“不會是孕吐吧?”
聽見手機里章若喃的聲音,白露樂了:“超躍也來橫店了,聽超躍說,你都有孩子了,她都給我發了你抱孩子的照片,是個大胖小子,她還要給你收份子錢呢。”
“我孕吐啥啊孕吐,我還是處女,就是……嗯,嗯……單純的,感冒了,身體發熱,有點暈暈乎乎的。”
章若喃努力讓自己情緒穩定下來。
好想讓江陽先停下,同時也好想讓江陽把她快點拖光光。
“白露你還在片場學習嗎?”章若喃換了個話題。
“是啊,這幾天都泡在片場,倒也不只是片場,化妝間也會去看看,我才發現,那些九點到片場開工的演員們,其實四點就要到化妝間戴頭套梳頭,那些化妝師都穿著護腰,每天給幾百個演員做梳化,一站就是一整天。”
章若喃輕撫著江陽的臉頰。
低頭看了眼,埋在她兇口的江陽。
章若喃的手指輕輕穿行在江陽的發間,如同夜風撫過麥浪,帶著溫柔的重量。
不同于上一次的羞澀。
這一次。
遠遠沒有上一次抗拒,甚至有著幾分期待。
江陽的呼吸在她兇前起伏,溫熱的氣息在肌膚上暈開一片緋紅,如同晚霞染透云層。
“這么晚了,不回去休息嗎。”章若喃舉著手機,問白露。
她現在的狀態,沒法聊一些長句子。
只能問一些簡單的問題。
他的唇沿著她鎖骨凹陷處游移。
每一次停留都激起肌膚下細微的戰栗。
穿過窗簾縫隙灑下來的月光,在章若喃脖頸間投下斑駁的光影,他追逐著那些跳動的光斑,用唇描繪她脈搏的軌跡。

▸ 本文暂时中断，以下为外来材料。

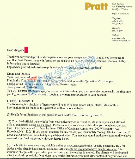 附普瑞特大學(xué)錄取信:
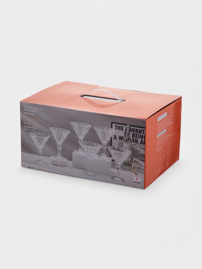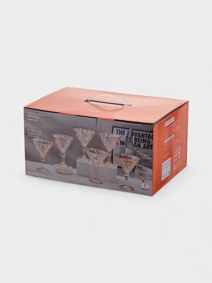 - Шесть бокалов: набор рассчитан на небольшую компанию, где каждый гость получает одинаково элегантную посуду.

手機聽筒里響起白露的聲音:“我再待一會兒,多學一點。”
“江陽讓你這么做的嗎?”
“其實倒也不是啦,江陽就是給我證件,讓我多看看。”
“你以前不是到點就下班,說不為老板多賺一分錢嗎。”
“那不一樣啊。”
白露語調變得嚴謹幾分:“這些都是我在實踐中學到的東西,都是我自己的,我現在進入這個行業了,就算有江陽罩著我,我也得有我自己的價值……以前,我是挺懶的,但現在,我好像想做出改變了。”
白露聲音逐漸緩下來。
她接著說:“其實,簽下江陽的公司后,我這幾天半夜都睡不著,會翻以前sm練習生的視頻看。
那時候每天練舞到凌晨,膝蓋上全是淤青,可躺在地板上喘氣的時候,總覺得明天就能出道了。”
她停頓了一下。
遠處傳來導演助理的聲音:“那個女的,就你,坐臺階上那個,是休息的時候嗎,要走戲了!”
白露抬頭看去。
看見帶著耳機的導演助理指過來。
白露立刻起身。
導演助理目光落在白露身上,臉上帶著笑:“老師,不是說您,您隨便坐,我說那個演員。”
說完。
特意給白露搬了一張折疊椅過來。
才知道,剛剛說的不是她,是她身邊另一個穿著布衣,飾演百姓的女群演。
要開始走戲了。
自從江陽上了熱搜后,總感覺現實和網絡很魔幻。
網上江陽那個熱搜,都沖到15了。
都在罵江陽。
說江陽人品差在橫店是出了名的。
說江陽在橫店,每個劇組都討厭江陽,拍攝區的保安見到江陽,都恨不得上去踹江陽兩腳。
可實際上。
不論她去哪個拍攝區,一亮出江陽助理的工作證,片場的工作人員都熱情的喊她老師,隨便她逛,只要不擋鏡頭就好。
群演們都夸江陽接地氣。
工作人員都巴不得江陽來他們組,調教他們組的演員,讓拍攝進度快一些,大家不用那么累。
明明有許多橫店的知情人,在網上爆料,夸江陽。
卻都跟著被罵,說是幫江陽洗白。
魔幻得就好像最熱心的永遠是網友,最冷漠的永遠是路人。
到底是路人不上網,還是網友不上街。
為什么說真話,就是沒人信呢。
不再多想這些,因為這幾天,江陽看上去就像個沒事人似的。
甚至還希望他的這條黑熱搜,能竄得更高些。